Test different Tn5 signal window sizes with binary and quantitative models

tacazares commented 3 years ago

We want to test different window (slop) sizes around the Tn5 cut site and its effects on binary and quantitative prediction AUPR and R^2.

We will use 11 TFs and MACS2 peaks based on the slop20b- ATAC-seq peaks.

Slop sizes 0, 5, 10, 20, 40

Binary Tasks

[x] Generate ROI
[x] Generate run meta files (use slop20 peaks)
[x] Train models
[x] Select best models
[x] Make predictions on best models
[x] Evaluate model performance and summarize

Quant Tasks

[x] Generate ROI
[x] Identify TFs and ENCODE IDs
[x] Download BAM files
[x] Filter BAM files for quality, blacklisted regions, and chromosomes.
[x] Generate read normalized bigwigs
[x] Generate min-max normalized bigwigs
[x] Generate run meta files (use slop20 peaks; quant data)
[x] Train models
[x] Select best models
[x] Make predictions on best models
[x] Evaluate model performance and summarize
[x] Log normalize RP20M counts then minmax normalize

tacazares commented 3 years ago

While running the quant models we were running into with multiple errors.

1) Differences in batch sizes between signal and target arrays

ValueError: Input arrays should have the same number of samples as target arrays. Found 1000 input samples and 996 target samples.

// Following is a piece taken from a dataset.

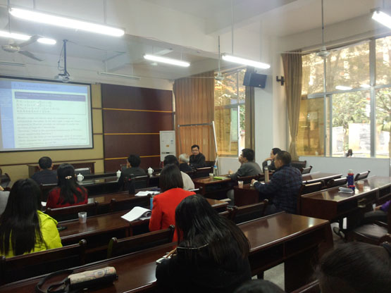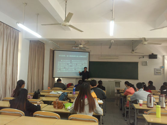在报告《The rough membership functions on covering-based rough sets and their applications in real life》中,葛洵副教授主要从Pawlak的现实背景以及最隶属函数的应用以及局限性的研究进行了详细的讲解。在报告《Quantititive analysis techniques in classroom teaching evaluation》中,葛洵副教对课堂生态系统的总体测量公式的相关数值的计算工和模糊决策在课堂生态系统定量测评在教学实践中的应用以及意义进行了详细的讲解。报告结束后,在座的老师和学生就相关研究问题进行了探讨和交流。

2) Invalid interval bound error

    raise ValueError("None values not supported.")
ValueError: None values not supported.

The cause seems to be that the quantitative data was mapped to the hg19 reference genome and an older version of the data. The new quantitative data will be mapped to hg38 like our ATAC-seq data. This error was discovered using the following function to loop through each ROI in the ROI files and print the regions that were accepted:

def get_ATAC_CHIP_scores(row_idx, roi_df):
    roi_row = roi_df.iloc[row_idx, :]

    cell_line = roi_row['Cell_Line']

    chrom = roi_row['Chr']

    start = int(roi_row['Start'])
    end = int(roi_row['Stop'])

    meta_row = meta_table[(meta_table['Cell_Line'] == cell_line)]
    meta_row = meta_row.reset_index(drop=True)

    signal = meta_row.loc[0, 'ATAC_Signal_File']
    binding = meta_row.loc[0, 'Binding_File']

    with load_bigwig(signal) as signal_stream, load_bigwig(binding) as binding_stream:

        signal_array = np.array(signal_stream.values(chrom, start, end))
        target_array = np.array(binding_stream.values(chrom, start, end))

    return signal_array, target_array

I was then able to verify that the ChIP-seq was the source of the problem by opening up the ATAC and ChIP-seq files individually using an example region that failed.

# Load bigwig file
hepg2_chip = load_bigwig("CTCF_HepG2_RPM_log_minmax01.bw")

# Import array as numpy vector
binding_array = np.array(hepg2_chip.values("chr20", 64181767, 64182791))

which produces:

---------------------------------------------------------------------------
RuntimeError                              Traceback (most recent call last)
<ipython-input-35-2b6014d786fe> in <module>
----> 1 binding_array = np.array(hepg2_chip.values("chr20", 64181767, 64182791))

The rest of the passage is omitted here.